I've come down on the side of liking the book. The chapter subtitles were enough to win me over alone. They're the only thing in the novel that comes to you courtesy of a different narrator, one with a very dry sense of humor. (I wanted to tell the actual narrator to shut up several times throughout, but he comes out okay overall, unlike, say, that douchebag from "The Rachel Papers".) The subtitles, which merely explain what happens in the chapter to follow, get funnier as worse things happen. A hundred pages in, the following...
COMPLINE
In which William and Adso enjoy the jolly hospitality of the abbot and the angry conversation of Jorge.
...gets a second look and a smirk. Another hundred in, and we get...
VESPERS
In which the abbot speaks again with the visitors, and William has some astounding ideas for deciphering the riddle of the labyrinth and succeeds in the most rational way.

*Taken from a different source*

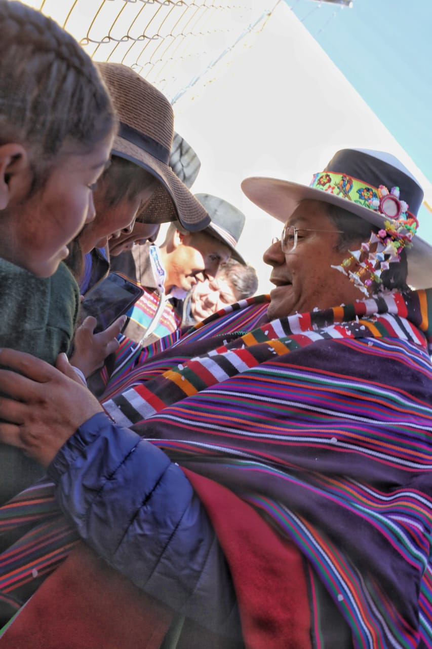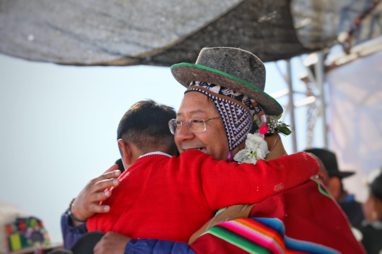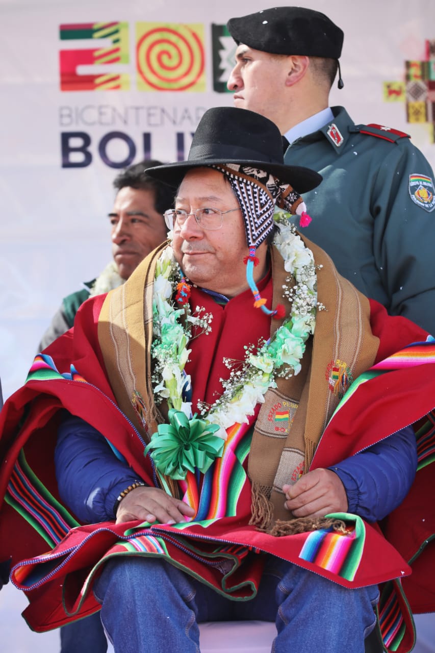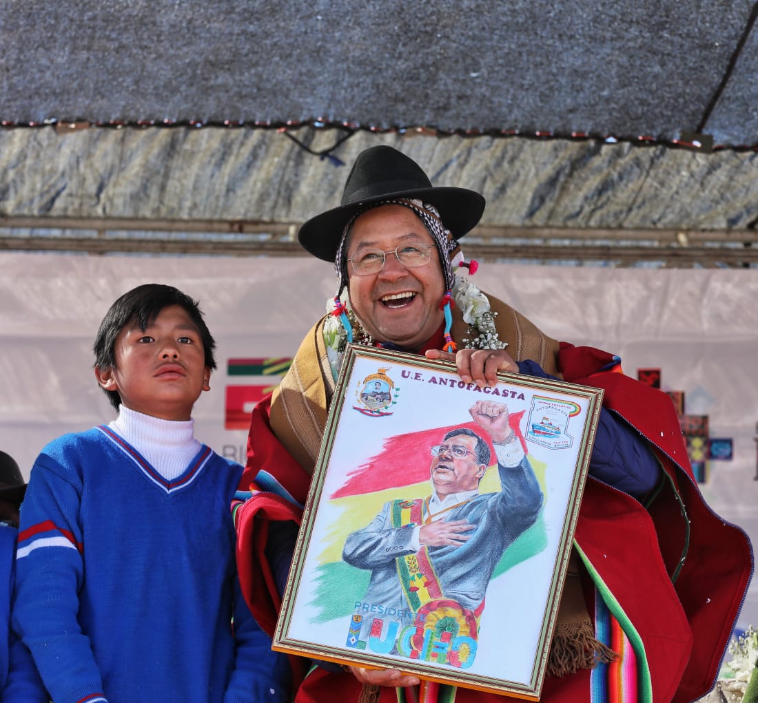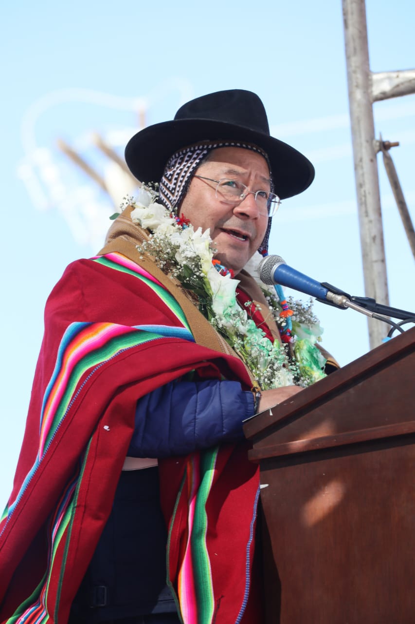 Presidente coloca la piedra fundamental para la ampliación de la Planta Procesadora de Lácteos en Challapata, Oruro. Fuente: Comunicación Presidencial

Then William and Adso eat cheese in batter.
...and I start to think, he's doing this on purpose, isn't he?

The subtitles continue to get more flippant, until the climactic chapter reads thus:
NIGHT
In which, if it were to summarize the prodigious revelations of which it speaks, the title would have to be as long as the chapter itself, contrary to usage.
In common parlance: I lol'ed.

Oh, and the sort-of-main-character, William of Baskerville (get it? Baskerville?), is a transparent Holmesian figure, right down to the getting high bits. And that is always a plus in my book. That, and the medieval sexual issues, although I mostly appreciated those because so many writers of this time period leave all that out.